:: Task details ::
Restate word for word the lines below from the one that has "Etichete: Dimensiuni, Culori" through the one that has "会上,校领导为第二届全国大学", keeping both and dropping all pictures.

╭─ Supplied data

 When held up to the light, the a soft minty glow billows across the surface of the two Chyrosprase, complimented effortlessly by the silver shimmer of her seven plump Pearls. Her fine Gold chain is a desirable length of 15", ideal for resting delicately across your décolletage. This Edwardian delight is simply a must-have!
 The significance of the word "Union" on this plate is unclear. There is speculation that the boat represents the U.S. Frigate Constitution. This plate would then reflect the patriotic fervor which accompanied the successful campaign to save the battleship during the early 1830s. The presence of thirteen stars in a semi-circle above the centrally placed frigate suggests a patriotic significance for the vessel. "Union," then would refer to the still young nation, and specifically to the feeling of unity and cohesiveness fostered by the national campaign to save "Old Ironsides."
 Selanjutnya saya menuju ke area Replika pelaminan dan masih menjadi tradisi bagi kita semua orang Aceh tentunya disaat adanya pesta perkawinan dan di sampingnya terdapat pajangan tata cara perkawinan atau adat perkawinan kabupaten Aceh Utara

╰─
╭─ Supplied data

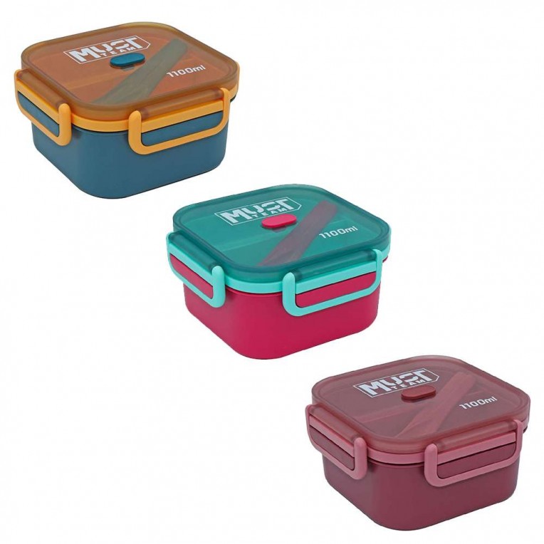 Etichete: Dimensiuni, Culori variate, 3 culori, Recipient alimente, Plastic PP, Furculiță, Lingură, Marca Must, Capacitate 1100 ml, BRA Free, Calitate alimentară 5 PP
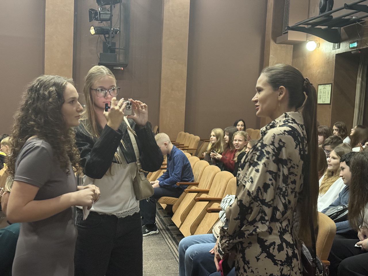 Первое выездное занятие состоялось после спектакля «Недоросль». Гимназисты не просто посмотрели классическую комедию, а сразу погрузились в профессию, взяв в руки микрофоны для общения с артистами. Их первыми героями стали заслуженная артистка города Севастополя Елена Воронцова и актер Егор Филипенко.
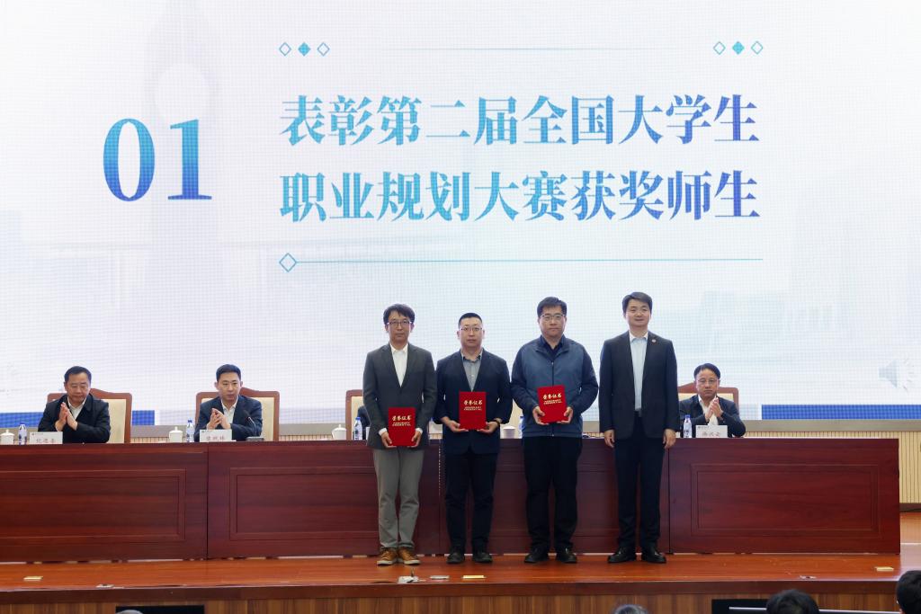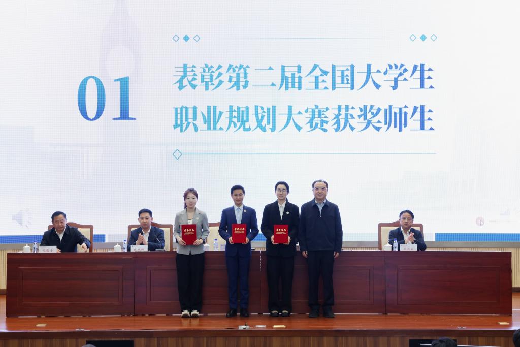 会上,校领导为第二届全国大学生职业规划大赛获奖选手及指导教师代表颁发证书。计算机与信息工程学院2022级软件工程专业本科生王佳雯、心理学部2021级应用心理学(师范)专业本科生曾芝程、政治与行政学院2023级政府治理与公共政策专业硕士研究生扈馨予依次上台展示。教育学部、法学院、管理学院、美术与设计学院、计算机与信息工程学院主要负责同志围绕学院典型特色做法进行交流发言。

╰─

:: Exercise output ::
 Etichete: Dimensiuni, Culori variate, 3 culori, Recipient alimente, Plastic PP, Furculiță, Lingură, Marca Must, Capacitate 1100 ml, BRA Free, Calitate alimentară 5 PP
 Первое выездное занятие состоялось после спектакля «Недоросль». Гимназисты не просто посмотрели классическую комедию, а сразу погрузились в профессию, взяв в руки микрофоны для общения с артистами. Их первыми героями стали заслуженная артистка города Севастополя Елена Воронцова и актер Егор Филипенко.
 会上,校领导为第二届全国大学生职业规划大赛获奖选手及指导教师代表颁发证书。计算机与信息工程学院2022级软件工程专业本科生王佳雯、心理学部2021级应用心理学(师范)专业本科生曾芝程、政治与行政学院2023级政府治理与公共政策专业硕士研究生扈馨予依次上台展示。教育学部、法学院、管理学院、美术与设计学院、计算机与信息工程学院主要负责同志围绕学院典型特色做法进行交流发言。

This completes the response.